Kennedy v. Louisiana (2008) and Giles v. California (2008)
Two recent opinions of the United States Supreme Court contain passages that will interest readers of Child Abuse Defense.
In Kennedy v. Louisiana, 128 S.Ct. 2641, June 25, 2008 (NO. 07-343), the Court held it unconstitutional to punish child rape with the death penalty. Among the reasons the Court gave was the heightened risk of erroneous conviction in child sex abuse cases. It gave its imprimatur to scientific literature on this problem, in language that lawyers can cite in their briefing for lower courts:
There are … serious systemic concerns in prosecuting the crime of child rape that are relevant to the constitutionality of making it a capital offense. The problem of unreliable, induced, and even imagined child testimony means there is a “special risk of wrongful execution” in some child rape cases. [Atkins v. Virginia, 536 U.S. 304, 122 S.Ct. 2242, 153 L.Ed.2d 335 (2002)], at 321. See also Brief for National Association of Criminal Defense Lawyers et al.as Amici Curiae 5–17. This undermines, at least to some degree, the meaningful contribution of the death penalty to legitimate goals of punishment. Studies conclude that children are highly susceptible to suggestive questioning techniques like repetition, guided imagery, and selective reinforcement. See Ceci & Friedman, The Suggestibility of Children: Scientific Research and Legal Implications, 86 Cornell L. Rev. 33, 47 (2000) (there is “strong evidence that children, especially young children, are suggestible to a significant degree—even on abuse-related questions”); Gross, Jacoby, Matheson, Montgomery, & Patil, Exonerations in the United States 1989 Through 2003, 95J. Crim. L. & C. 523, 539 (2005) (discussing allegations of abuse at the Little Rascals Day Care Center); see also Quas, Davis, Goodman, & Myers, Repeated Questions, Deception, and Children’s True and False Reports of Body Touch, 12 Child Maltreatment 60, 61–66 (2007) (finding that 4- to 7-year-olds “were able to maintain [a] lie about body touch fairly effectively when asked repeated, direct questions during a mock forensic interview”).

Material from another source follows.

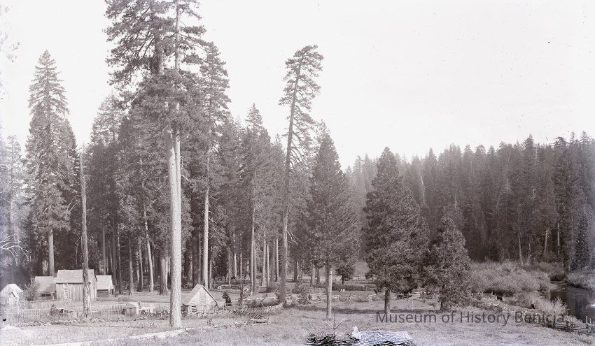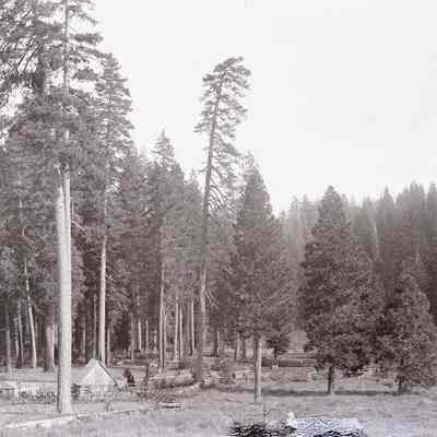 glass plate negative from plate box identified as "box 2" Shows a camp in the woods. There are several cabins and areas fenced off.Collection

Similar criticisms pertain to other cases involving child witnesses; but child rape cases present heightened concerns because the central narrative and account of the crime often comes from the child herself. She and the accused are, in most instances, the only ones present when the crime was committed. See Pennsylvania v. Ritchie, 480 U. S. 39, 60 (1987) . Cf. Goodman, Testifying in Criminal Court, at 118. And the question in a capital case is not just the fact of the crime, including, say, proof of rape as distinct from abuse short of rape, but details bearing upon brutality in its commission. These matters are subject to fabrication or exaggeration, or both. See Ceci and Friedman, supra; Quas, supra. Although capital punishment does bring retribution, and the legislature here has chosen to use it for this end, its judgment must be weighed, in deciding the constitutional question, against the special risks of unreliable testimony with respect to this crime.
128 S.Ct. at 2663.
Giles v. California, 128 S.Ct. 2678 (2008), decided the same day as Kennedy, is the latest in the Court’s decisions elaborating on the Confrontation Clause doctrine it first announced in Crawford v. Washington, 541 U.S. 36, 124 S.Ct. 1354, 158 L.Ed.2d 177 (2004). In Giles the Court held that a criminal defendant forfeits his right to confront a witness against him at trial only when 1) he prevents the witness’s testifying at trial, and 2) that is the purpose of his act that had that consequence. Even murdering the witness, if the purpose is not to prevent testimony, does not forfeit the right to confront.
That holding may have little application to child abuse cases. One comment Justice Scalia made in writing the Court’s opinion, though, does concern many child abuse cases. Without analysis, he wrote that medical purpose hearsay, like statements to acquaintances, are outside the protection of the Confrontation Clause:
Statements to friends and neighbors about abuse and intimidation, and statements to physicians in the course of receiving treatment would be excluded, if at all, only by hearsay rules … .
This issue, as Prof. Richard Friedman observes at his blog, is “very much in dispute.” In child abuse cases, children often get medical examinations, and give statements to nurses and physicians, as part of police investigation. Some state courts have found the Confrontation Clause to apply in such circumstances, asChild Abuse Defense has reported.
We have surely not heard the last word on whether children’s statements to medical personnel may be admitted at trial without confrontation.